▶ [WHAT IS NEEDED]
Please write out word for word the opening lines of the material, including the line with "There are 35" as the last.

####################

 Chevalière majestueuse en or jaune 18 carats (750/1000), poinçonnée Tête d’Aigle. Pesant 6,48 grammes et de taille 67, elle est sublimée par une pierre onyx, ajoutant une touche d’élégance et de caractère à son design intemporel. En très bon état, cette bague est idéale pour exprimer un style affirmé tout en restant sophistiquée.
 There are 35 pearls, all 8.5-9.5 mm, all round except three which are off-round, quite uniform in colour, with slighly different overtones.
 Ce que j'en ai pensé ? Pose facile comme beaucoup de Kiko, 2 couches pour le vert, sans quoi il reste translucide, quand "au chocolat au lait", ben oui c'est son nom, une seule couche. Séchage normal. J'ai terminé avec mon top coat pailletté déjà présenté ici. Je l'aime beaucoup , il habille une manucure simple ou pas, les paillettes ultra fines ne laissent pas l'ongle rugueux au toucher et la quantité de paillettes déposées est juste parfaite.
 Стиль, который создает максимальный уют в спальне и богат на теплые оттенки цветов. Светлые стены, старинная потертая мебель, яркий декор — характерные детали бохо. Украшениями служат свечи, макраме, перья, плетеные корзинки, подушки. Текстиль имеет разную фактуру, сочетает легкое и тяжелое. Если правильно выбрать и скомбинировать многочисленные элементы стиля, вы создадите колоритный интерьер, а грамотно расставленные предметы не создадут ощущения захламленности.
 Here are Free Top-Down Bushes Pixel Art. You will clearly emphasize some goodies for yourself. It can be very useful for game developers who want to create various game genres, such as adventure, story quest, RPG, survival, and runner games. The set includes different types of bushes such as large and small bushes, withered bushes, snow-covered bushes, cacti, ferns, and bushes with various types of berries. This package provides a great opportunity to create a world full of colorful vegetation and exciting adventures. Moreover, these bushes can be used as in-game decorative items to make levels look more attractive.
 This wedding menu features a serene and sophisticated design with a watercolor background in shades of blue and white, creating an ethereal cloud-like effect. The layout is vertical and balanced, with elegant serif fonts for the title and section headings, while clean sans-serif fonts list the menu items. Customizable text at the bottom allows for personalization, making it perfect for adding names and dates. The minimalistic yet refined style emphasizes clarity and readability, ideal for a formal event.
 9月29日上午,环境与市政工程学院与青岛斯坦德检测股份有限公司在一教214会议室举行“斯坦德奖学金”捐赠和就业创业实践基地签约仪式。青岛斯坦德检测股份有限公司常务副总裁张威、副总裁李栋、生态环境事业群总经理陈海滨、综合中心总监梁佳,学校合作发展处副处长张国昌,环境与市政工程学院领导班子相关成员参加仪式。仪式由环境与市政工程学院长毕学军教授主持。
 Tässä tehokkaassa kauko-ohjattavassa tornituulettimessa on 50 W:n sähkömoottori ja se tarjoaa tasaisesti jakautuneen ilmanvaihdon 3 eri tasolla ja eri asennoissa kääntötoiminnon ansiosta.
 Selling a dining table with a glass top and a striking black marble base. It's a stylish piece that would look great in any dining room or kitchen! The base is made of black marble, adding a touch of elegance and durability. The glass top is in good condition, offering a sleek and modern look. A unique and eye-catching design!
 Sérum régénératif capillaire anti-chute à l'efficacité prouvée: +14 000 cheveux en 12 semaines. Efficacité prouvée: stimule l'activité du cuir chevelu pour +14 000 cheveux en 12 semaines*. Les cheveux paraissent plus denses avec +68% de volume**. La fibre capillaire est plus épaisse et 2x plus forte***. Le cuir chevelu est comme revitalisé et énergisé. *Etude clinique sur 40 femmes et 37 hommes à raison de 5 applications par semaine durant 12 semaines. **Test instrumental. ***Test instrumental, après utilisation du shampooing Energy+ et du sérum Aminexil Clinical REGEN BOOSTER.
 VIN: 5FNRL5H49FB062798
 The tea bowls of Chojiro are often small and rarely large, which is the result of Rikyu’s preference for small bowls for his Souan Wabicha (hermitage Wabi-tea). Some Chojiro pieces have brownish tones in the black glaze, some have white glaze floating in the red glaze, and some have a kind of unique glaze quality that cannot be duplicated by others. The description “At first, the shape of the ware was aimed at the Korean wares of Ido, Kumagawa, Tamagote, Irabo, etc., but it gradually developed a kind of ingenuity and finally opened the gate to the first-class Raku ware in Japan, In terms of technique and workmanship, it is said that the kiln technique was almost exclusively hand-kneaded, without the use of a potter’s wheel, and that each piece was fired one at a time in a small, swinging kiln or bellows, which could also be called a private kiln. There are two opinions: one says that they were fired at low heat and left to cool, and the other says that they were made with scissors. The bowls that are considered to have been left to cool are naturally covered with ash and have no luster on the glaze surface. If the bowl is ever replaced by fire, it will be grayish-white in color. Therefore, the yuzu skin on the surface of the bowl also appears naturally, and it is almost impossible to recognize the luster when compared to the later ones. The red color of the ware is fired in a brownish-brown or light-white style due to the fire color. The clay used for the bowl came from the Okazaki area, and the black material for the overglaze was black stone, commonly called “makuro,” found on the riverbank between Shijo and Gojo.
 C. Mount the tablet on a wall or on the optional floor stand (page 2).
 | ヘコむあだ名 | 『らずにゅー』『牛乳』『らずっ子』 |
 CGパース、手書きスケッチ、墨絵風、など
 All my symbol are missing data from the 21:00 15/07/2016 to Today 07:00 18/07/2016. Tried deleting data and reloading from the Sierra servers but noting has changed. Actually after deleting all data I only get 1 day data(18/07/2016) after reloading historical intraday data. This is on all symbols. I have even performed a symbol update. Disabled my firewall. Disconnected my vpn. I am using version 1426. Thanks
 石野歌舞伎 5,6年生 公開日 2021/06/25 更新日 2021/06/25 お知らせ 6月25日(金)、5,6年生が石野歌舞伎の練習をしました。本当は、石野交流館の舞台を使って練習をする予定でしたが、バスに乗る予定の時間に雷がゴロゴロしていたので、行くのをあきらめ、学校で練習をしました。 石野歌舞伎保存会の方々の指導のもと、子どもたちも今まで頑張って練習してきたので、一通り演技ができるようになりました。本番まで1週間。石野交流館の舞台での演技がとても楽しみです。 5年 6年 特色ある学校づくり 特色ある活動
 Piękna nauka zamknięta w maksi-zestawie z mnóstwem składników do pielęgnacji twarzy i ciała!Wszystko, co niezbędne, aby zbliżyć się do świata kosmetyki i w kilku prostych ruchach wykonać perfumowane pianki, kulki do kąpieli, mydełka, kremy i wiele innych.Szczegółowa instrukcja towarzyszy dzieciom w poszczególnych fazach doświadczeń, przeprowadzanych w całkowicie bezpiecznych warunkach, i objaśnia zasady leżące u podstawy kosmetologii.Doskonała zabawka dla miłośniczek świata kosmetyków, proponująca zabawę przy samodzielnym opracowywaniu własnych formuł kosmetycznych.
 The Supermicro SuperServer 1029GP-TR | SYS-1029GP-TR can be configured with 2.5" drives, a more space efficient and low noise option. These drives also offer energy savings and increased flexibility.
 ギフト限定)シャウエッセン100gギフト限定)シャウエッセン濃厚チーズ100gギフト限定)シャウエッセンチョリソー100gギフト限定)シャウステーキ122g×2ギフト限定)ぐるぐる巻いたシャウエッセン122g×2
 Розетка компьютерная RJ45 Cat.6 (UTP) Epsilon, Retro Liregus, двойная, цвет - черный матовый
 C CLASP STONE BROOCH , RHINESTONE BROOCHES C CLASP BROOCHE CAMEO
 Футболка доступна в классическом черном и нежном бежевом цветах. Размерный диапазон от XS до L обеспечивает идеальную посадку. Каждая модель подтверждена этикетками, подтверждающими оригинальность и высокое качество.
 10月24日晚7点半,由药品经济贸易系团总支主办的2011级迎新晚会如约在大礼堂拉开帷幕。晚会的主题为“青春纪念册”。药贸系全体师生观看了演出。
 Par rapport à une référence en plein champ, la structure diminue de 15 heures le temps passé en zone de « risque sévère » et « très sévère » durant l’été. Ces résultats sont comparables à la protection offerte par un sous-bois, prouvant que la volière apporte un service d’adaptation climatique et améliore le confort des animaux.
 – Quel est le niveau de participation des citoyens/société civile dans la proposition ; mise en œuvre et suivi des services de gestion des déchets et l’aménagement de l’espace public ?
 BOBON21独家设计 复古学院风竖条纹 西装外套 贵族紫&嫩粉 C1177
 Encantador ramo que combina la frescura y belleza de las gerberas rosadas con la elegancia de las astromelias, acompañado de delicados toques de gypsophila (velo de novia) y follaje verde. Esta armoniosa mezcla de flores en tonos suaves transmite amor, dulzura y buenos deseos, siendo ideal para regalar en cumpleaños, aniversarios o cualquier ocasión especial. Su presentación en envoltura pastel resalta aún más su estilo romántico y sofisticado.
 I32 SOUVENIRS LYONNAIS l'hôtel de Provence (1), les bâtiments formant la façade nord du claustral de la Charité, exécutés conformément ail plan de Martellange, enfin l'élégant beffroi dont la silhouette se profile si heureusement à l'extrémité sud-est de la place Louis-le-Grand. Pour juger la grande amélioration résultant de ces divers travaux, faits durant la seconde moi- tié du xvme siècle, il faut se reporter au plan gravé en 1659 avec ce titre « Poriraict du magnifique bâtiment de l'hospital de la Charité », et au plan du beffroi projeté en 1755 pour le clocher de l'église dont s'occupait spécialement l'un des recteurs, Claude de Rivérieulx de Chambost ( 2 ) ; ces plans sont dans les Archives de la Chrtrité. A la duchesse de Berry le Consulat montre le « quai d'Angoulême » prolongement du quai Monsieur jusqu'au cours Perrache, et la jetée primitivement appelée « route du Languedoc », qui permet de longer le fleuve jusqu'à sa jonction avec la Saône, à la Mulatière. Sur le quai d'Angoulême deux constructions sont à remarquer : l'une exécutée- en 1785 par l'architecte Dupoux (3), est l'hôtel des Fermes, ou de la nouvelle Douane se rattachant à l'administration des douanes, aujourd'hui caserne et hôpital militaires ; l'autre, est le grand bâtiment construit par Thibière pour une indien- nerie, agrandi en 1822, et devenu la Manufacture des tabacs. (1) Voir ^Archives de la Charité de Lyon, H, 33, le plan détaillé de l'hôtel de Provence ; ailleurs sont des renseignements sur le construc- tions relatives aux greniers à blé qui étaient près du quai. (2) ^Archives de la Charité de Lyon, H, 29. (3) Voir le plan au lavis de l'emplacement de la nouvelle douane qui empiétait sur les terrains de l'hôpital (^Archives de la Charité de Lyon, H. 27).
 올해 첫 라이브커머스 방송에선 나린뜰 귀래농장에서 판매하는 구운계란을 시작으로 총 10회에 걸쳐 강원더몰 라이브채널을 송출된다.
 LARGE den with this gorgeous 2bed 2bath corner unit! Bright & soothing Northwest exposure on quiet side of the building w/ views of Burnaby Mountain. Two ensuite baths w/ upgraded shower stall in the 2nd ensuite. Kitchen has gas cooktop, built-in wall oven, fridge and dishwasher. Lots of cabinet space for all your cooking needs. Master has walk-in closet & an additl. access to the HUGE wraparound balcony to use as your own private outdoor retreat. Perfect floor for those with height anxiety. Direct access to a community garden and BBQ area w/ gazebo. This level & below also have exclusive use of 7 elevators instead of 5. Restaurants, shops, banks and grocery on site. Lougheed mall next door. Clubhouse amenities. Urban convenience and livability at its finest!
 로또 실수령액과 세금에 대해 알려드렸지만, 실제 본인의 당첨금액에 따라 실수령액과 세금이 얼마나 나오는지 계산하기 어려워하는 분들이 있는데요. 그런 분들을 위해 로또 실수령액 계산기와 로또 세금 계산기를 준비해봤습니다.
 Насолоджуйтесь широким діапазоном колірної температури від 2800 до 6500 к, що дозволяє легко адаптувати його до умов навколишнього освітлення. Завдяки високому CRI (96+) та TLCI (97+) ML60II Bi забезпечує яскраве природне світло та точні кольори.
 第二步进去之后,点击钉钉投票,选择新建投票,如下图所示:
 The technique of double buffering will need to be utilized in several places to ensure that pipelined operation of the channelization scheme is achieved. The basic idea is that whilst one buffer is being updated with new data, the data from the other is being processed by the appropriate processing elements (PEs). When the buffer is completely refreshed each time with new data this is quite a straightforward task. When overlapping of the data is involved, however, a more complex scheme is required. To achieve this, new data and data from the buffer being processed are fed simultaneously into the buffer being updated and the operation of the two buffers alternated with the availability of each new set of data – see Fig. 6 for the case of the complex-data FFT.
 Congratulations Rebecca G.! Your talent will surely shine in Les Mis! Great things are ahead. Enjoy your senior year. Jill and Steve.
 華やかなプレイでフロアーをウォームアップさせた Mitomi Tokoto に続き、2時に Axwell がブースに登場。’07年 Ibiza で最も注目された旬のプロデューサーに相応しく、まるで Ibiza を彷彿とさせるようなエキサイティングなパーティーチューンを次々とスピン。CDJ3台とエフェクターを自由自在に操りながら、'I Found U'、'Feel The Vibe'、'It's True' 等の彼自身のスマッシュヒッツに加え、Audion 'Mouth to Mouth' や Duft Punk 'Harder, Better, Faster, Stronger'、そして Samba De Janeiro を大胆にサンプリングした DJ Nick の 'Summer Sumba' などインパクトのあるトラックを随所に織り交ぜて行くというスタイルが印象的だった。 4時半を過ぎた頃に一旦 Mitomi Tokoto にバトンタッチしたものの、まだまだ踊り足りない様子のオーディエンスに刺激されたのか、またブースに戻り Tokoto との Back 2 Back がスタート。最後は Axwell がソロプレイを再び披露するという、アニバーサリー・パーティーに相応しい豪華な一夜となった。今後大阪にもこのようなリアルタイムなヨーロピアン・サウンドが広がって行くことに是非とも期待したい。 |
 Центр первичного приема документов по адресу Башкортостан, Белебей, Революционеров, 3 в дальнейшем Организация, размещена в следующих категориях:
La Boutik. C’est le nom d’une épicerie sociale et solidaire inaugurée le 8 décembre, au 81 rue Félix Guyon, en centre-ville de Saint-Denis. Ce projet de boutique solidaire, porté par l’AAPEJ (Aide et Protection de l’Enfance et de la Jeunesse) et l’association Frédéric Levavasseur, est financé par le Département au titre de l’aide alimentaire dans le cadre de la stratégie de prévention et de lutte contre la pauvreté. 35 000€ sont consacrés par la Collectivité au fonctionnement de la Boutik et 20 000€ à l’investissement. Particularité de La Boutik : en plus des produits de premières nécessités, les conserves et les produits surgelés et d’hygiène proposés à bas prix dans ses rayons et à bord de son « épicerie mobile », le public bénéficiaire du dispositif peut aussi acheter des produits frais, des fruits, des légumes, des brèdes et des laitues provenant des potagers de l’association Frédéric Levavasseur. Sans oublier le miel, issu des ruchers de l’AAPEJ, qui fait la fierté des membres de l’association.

####################

▶ [RESPONSE TO THIS TASK]
 Chevalière majestueuse en or jaune 18 carats (750/1000), poinçonnée Tête d’Aigle. Pesant 6,48 grammes et de taille 67, elle est sublimée par une pierre onyx, ajoutant une touche d’élégance et de caractère à son design intemporel. En très bon état, cette bague est idéale pour exprimer un style affirmé tout en restant sophistiquée.
 There are 35 pearls, all 8.5-9.5 mm, all round except three which are off-round, quite uniform in colour, with slighly different overtones.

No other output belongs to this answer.